The results revealed several factors affecting users’ perception of the transfer penalty. The most important –mentioned by over 50% of the participants in the FGs– are “time” (in its different components: walking time, waiting time, transfer time, and total travel time); real-time information; crowding; mode; and different levels in the transfer. Two factors emerged from the FGs that did not appear in the literature, related to the pure transfer penalty : mental effort and activity disruption. Mental effort refers to the extra work required by passengers when making a transfer and the need to remain alert throughout the whole journey in order not to miss their transfer stop. Activity disruption concerns the utility of in-vehicle time, especially on longer trips when the time on-board can be used for activities such as reading, listening to music or even sleeping. Activity disruption is in some way related to mental effort; travellers must be aware of the stop where they need to get off, and can therefore not immerse themselves wholly in their chosen on-board activity, which must also be interrupted when alighting to make the transfer.
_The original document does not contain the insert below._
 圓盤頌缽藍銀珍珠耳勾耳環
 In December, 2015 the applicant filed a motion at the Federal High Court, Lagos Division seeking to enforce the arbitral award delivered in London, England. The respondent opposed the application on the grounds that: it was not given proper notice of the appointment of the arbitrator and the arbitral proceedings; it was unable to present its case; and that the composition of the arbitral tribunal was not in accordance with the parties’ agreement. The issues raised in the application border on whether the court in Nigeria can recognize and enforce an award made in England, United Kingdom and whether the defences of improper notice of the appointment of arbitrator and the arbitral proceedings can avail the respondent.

3.2 Perceived transfer utility in Madrid
The three FGs conducted in Madrid identified the following quantitative and qualitative variables warranting inclusion in the preliminary utility functions:
Mode: takes value 1 if metro and 0 if bus.
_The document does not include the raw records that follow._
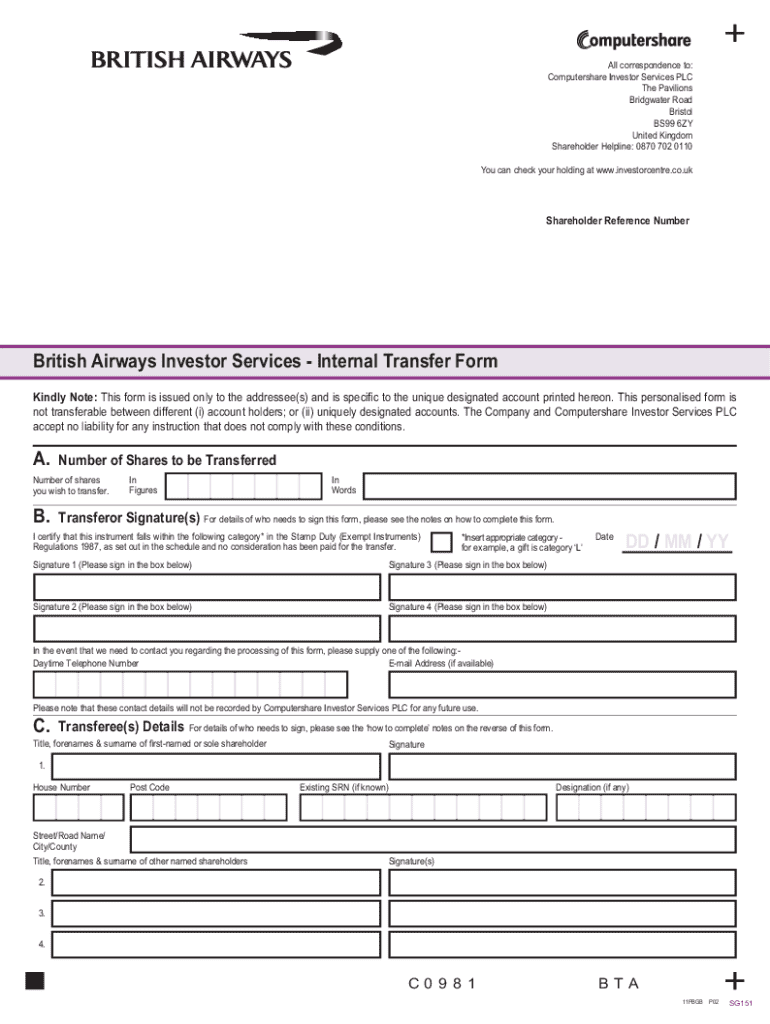 Get the free British Airways Investor Services - Internal Transfer Form B.
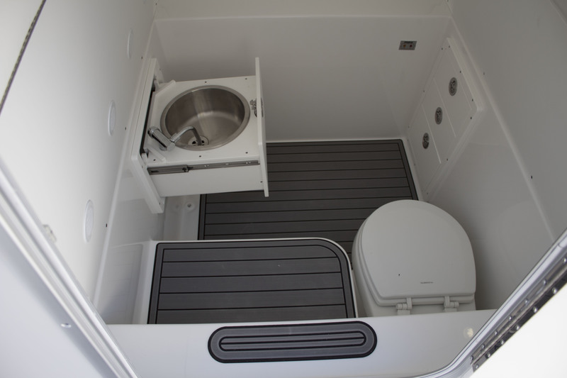 Expand your destination possibilities. Whether exploring the canyons or entertaining a group the 36XS has you covered. The helm station wraps the driver and passengers in bolstered seats and provides generous drawers and compartments for all tackle/storage needs. The rear facing seat conceals a huge 60 gal. live well. An additional 20 gal. well in the transom doubles as a storage box when needed. A large, rear fold-away bench and forward lounge entertain the crew. An optional vacu-flush head can be placed in the console next to the concealed pull out stainless sink. The EPS steering allows easy upgrade to joystick control.
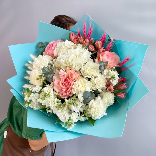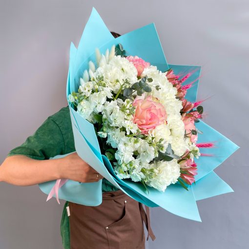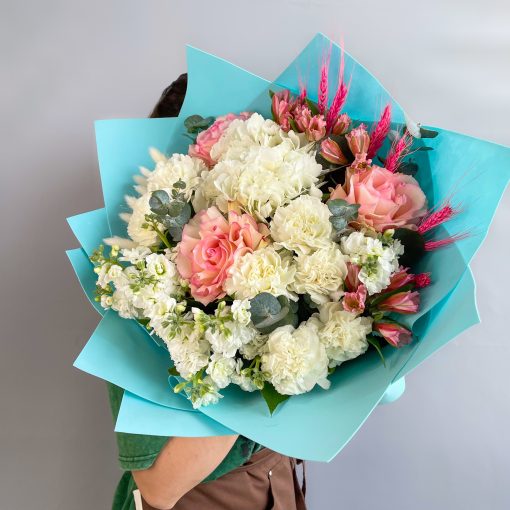 Сборный букет с гвоздикой, альстромерией, французской розой Ширина 45см, высота 50см
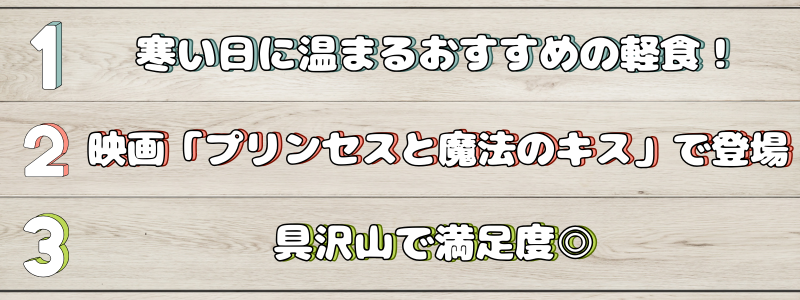 寒い日に、ショーやパレードで長時間外で待つ時や、冷え切った体に温かいスープは最高に美味しいですし、体も温まります!
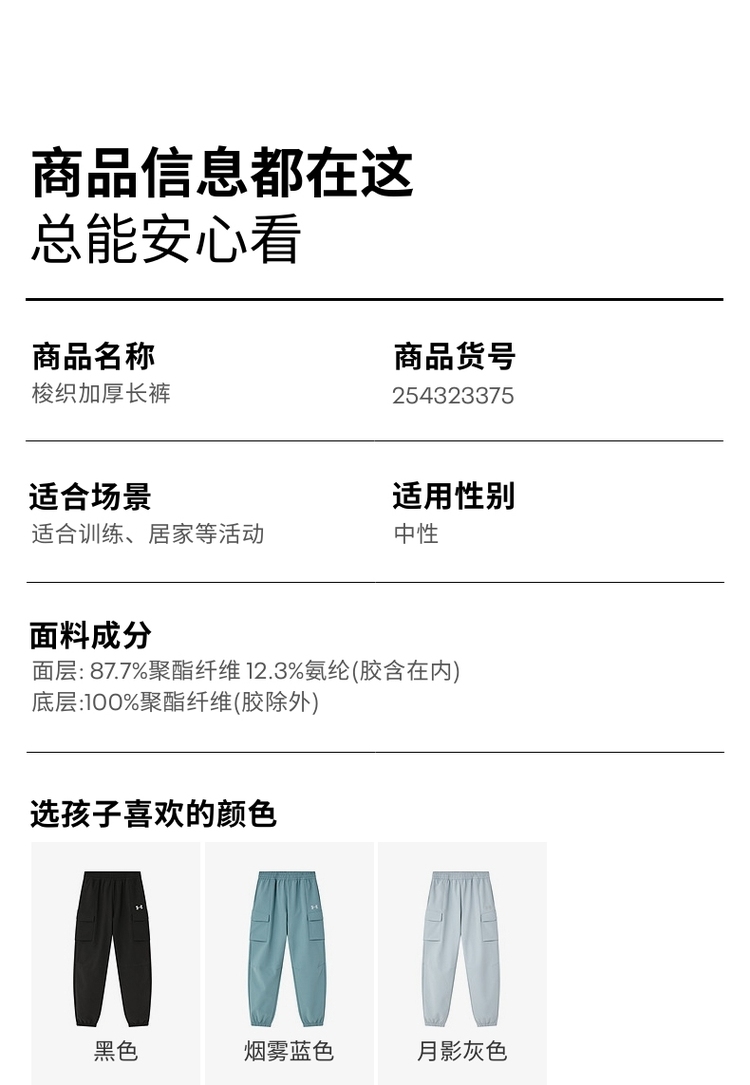 【12月-特惠福利】Under Armour安德玛儿童梭织加厚长裤254323375
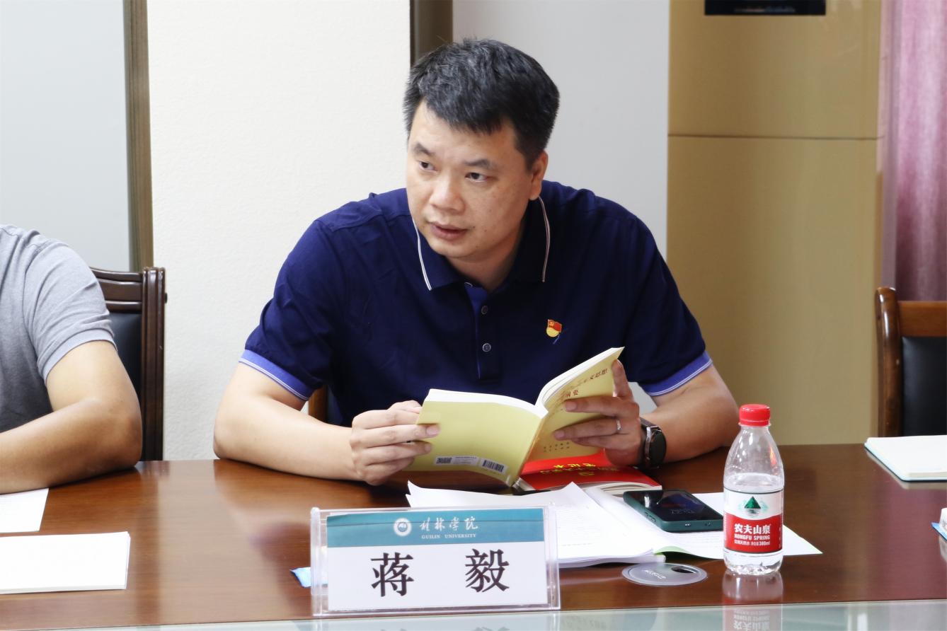 随后,校党委委员、纪委书记、校党委副书记、副校长邓志平,校党委委员、副校长、工会主席杨庆庆和校党委委员、副校长蒋毅分别围绕学习习近平新时代中国特色社会主义思想,从“学习领会习近平总书记关于全面从严治党、推进自我革命的重要论述,全面深化新时代‘清廉桂院’建设”“运用好‘两个结合’的科学方法论,推动桂林学院做大做强”“深入学习贯彻习近平法治思想,扎实推进依法治校、依法办学”等三个方面,结合工作实际畅谈心得体会。

In-vehicle time: time (min) elapsed while a person is inside a mode of transport.
Walking time: time (min) elapsed from the moment a traveller gets off a vehicle and walks to reach the next stop or station.
Waiting time: time (min) elapsed from the instant a traveller arrives at a stop or station and waits until the next mode.
Stairs: takes value 1 if there are stairs (or a difference in level) while transferring and 0 otherwise (it is always 0 in bus-bus transfers).
Real-time information: takes value 1 if there are panels with dynamic time arrival for the intended trip as a whole and 0 otherwise.
Crowding: takes value 1 if the transfer is overcrowded (involving walking and waiting stages) and 0 otherwise.
Utility functions also captured mental effort and activity disruption (pure penalty transfer) through their constants (α1 and α2), which refer not only to this phenomenon but to others not included in the functions. As both utility functions contain the most relevant variables related to transfers, constants will mainly capture the pure penalty transfer.
The first linear utility functions were based on these representative transfer variables. Utility functions had the structure of a MNL model. In our case study, we defined three utility functions depending on the number of transfers (T0 –no transfers–, T1 –one transfer– or T2 –two transfers–). As a 21% of PT users transfer more than once, we decided to show these three alternatives, which is another point of interest of this research.
It should be noted that cost is not included in the utility functions. About 73% of PT users in Madrid have a monthly or annual flat-rate travel card (in the commuter group this number is even higher). The remaining 27% use single or multiple tickets which allow transfers within the metro network at no extra cost (except in the case of metro-bus or bus-bus transfer). There is therefore no extra cost to transfer in most cases, and nor was this cost variable found to be significant in the FGs. Commuters assume cost as an unchanging variable when travelling on PT, regardless of the number of transfers. These predicted and preliminary utility functions serve as the basis for designing the SP survey (both the pilot and final versions).
3.3 Pilot survey design
The pilot test is one of the most important components of the survey procedure. A pilot survey is a useful fail-safe precaution to take before conducting the main survey . The main benefits of pilot surveys from our point of view are the following: they test the survey structure and the validity of the experimental design; they allow the fieldwork to be refined; and they identify certain behaviours by the respondents.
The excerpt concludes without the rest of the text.